I began my MA by contemplating why I was drawn back to mark making after a long hiatus. I started by considering the fundamentals of 2-dimensional art, colour and form. I dove into colour by eliminating form from my work and experimented with various techniques: watercolour, oil, acrylic, textiles, printmaking and I researched colour theories and colour in contemporary art. I picked up pastels and found that the pure pigment lent itself to the exploration of colour, which I was able to experiment with on a larger scale.
Through this development, along with others, I started to find out what interested me about making art and one of the responses that arose was simply: do it, make, be in the process. I began deconstructing my process of mark making through the process itself, the more I created the more I learned about my practice and the importance of ‘process painting.’ There is some intangible element of creative unknowing that is compelling when embarking on an improvisational piece of art. I work predominantly with this improvisational methodology where the materials lead the way, and my work slowly transforms over time and as the materials change.

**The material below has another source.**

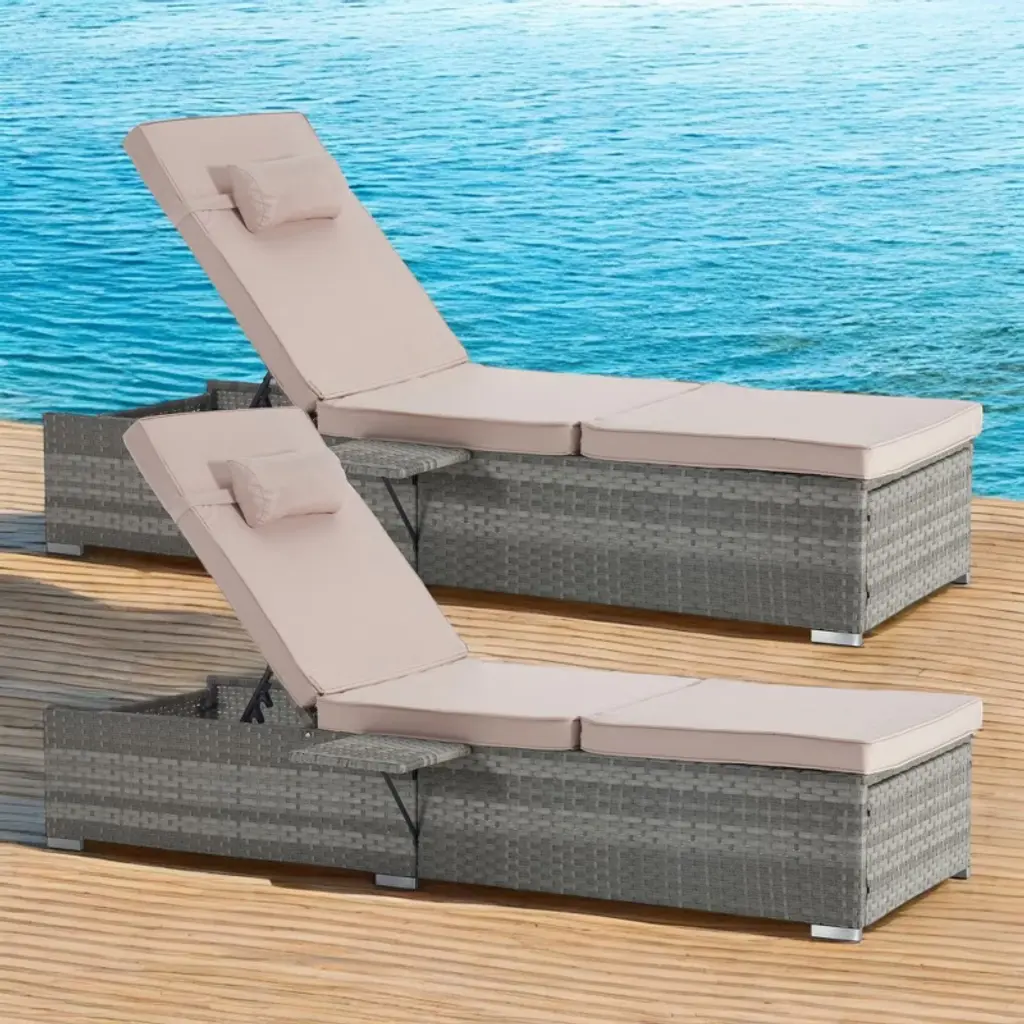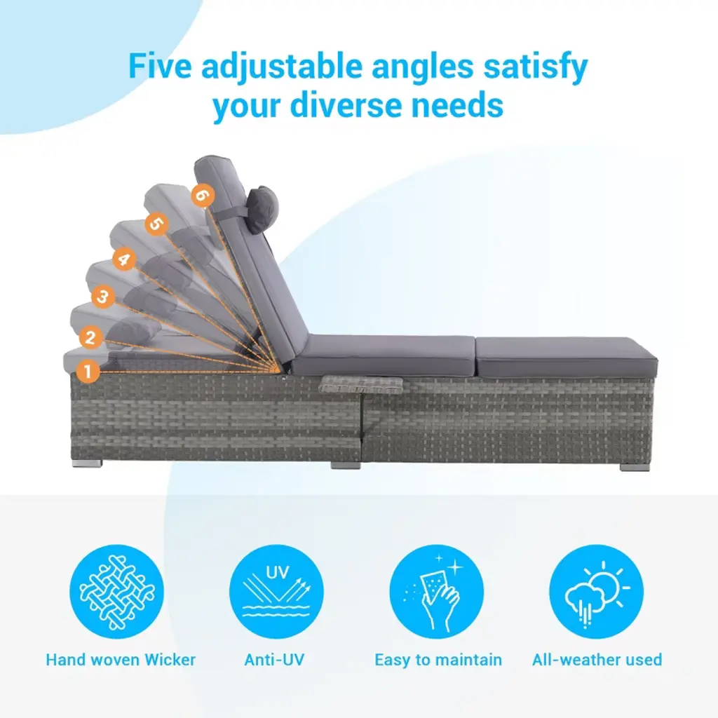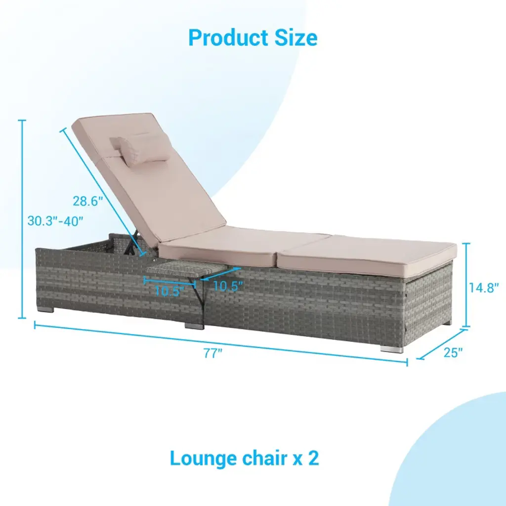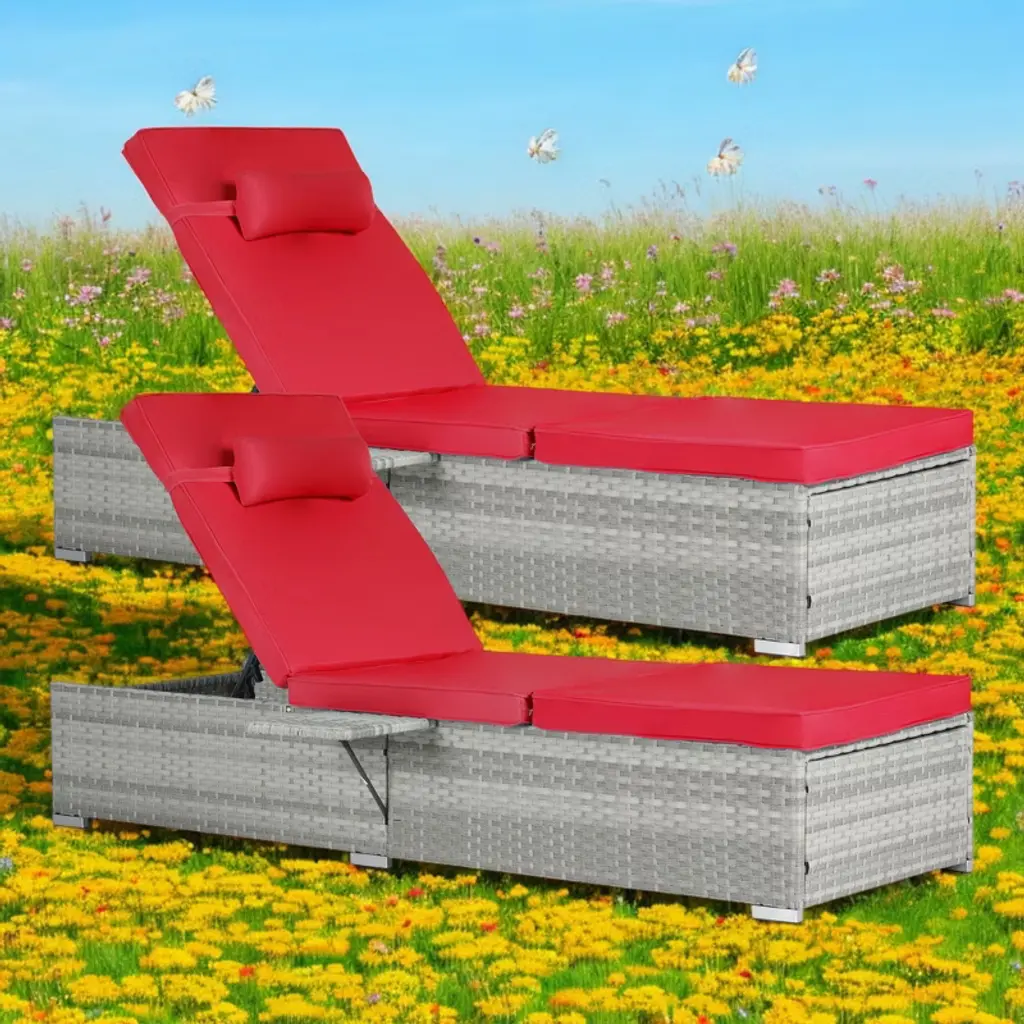 Product Overview Relax and enjoy the outdoors in style with this Outdoor Chaise Lounge Chair Set. Crafted with high-quality PE rattan and a rust-resistant steel frame, this set is perfect for sunbathing, lounging, and entertaining. The adjustable backrest offers customizable comfort, while the plush cushions provide long-lasting support. Whether you're lounging by the pool, in your garden, or on the patio, this set is ideal for any outdoor setting. Product Features Classic & Functional Design: This outdoor chaise lounge set includes two pieces, each offering a comfortable lounging experience in any outdoor space. The set's design is perfect for sunbathing, relaxing, and enjoying the outdoors. Sturdy & Durable Construction: Built with premium PE rattan and a rust-resistant, powder-coated steel frame, this chaise lounge set is both durable and stable. The materials used ensure it will withstand the test of time and outdoor elements. Adjustable Backrest: With six adjustable backrest positions, this lounge set allows you to find the perfect angle for relaxation, whether you're lounging or reading a book. Comfortable Cushions: The set includes high-density foam cushions that offer superior comfort and support. The cushions are also easy to clean, ensuring hassle-free maintenance. Weather Resistance & Easy Maintenance: The PE rattan material is UV-resistant, breathable, and easy to clean. Whether it’s hot sun or light rain, the set is designed to endure, and the cushions can be cleaned with a wet cloth or hose. Specifications Overall Size: 77” L x 25” W x 14.8” H Cushion Color: Red Rattan Color: Gray Material: PE Rattan, Steel Frame, Foam Cushions Maximum Weight Capacity: 600 lbs (300 lbs per chair) Assembly Required: No assembly required (pre-assembled) Item Weight: 80.74 lbs (Net), 82.94 lbs (Gross) Country of Origin: China Suitable Scenarios This versatile chaise lounge set is perfect for various outdoor settings, including patios, gardens, poolside areas, balconies, and beaches. It’s great for relaxing in the sun, reading a book, or enjoying a refreshing drink with friends and family. The set is also suitable for commercial use, such as outdoor resorts or lounges. Notes Color Variation: Due to lighting and screen settings, the actual color of the product may vary slightly from the images shown. Care Instructions: The cushions are removable and easy to clean with a damp cloth or by washing them directly with a hose. The PE rattan material is weather-resistant but should be covered during heavy rainfall for long-lasting durability. Assembly: No assembly is required; the chaise lounges come fully assembled and ready to use.
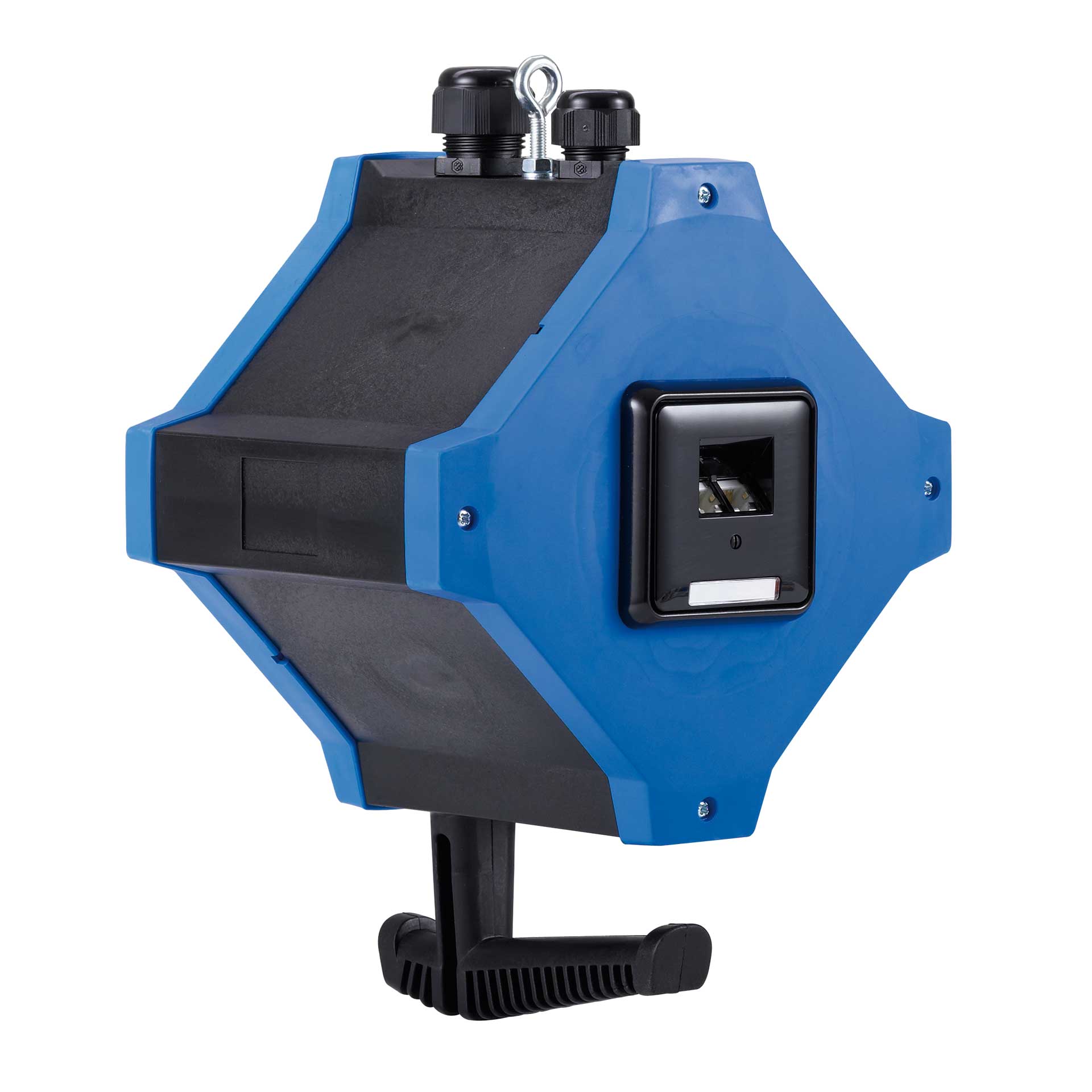 Für zusätzliche Widerstandsfähigkeit sind Vorder- und Rückseite in blauem Gummimaterial ausgeführt. Auf der Oberseite befindet sich ein Aufhängehaken zur Befestigung der im Lieferumfang enthaltenen Knotenkette, die per Karabiner eingehängt wird. So lässt sich die e.STATION schnell und sicher über Kopf positionieren, etwa an Gerüsten, Trägern oder Montagepunkten, und bleibt dabei gut erreichbar.

More recently in my practice, I have been rediscovering line. After having explored colour for some time I intuitively fell upon the importance of line and particularly the circular form. As I worked with this circular form for a while the line slowly changed, naturally breathing into space and off the page, then widening and straightening. It was as if after my break from art, I needed to first consider the foundations of colour, and then to investigate one of the fundamental forms of line: circles.
Recently I have started a watercolour series in order to digest current news articles, be it about migration, poverty, drugs, politics, racial crimes or child labour. A question arose for me while considering the function of line, can I transform this line into another form, can it depict something personal or incorporate something bigger? What if the beauty of colour and form were to transcribe something tragic, would it help a viewer re-consider that subject? Activism is to go against the societal grain and bring up critical questions. So this is my quiet protest, currently evolving in the studio.
The creative process is interwoven with the projects and interlaced with the substantiality of the artist. My artistic practice is still developing, moving onward towards new prospects. Structure holds it in place, with the exploration of new techniques and further development of known ones, but it is the freedom that holds my interest, the freedom to improvise and the investigation into the process of painting and creativity.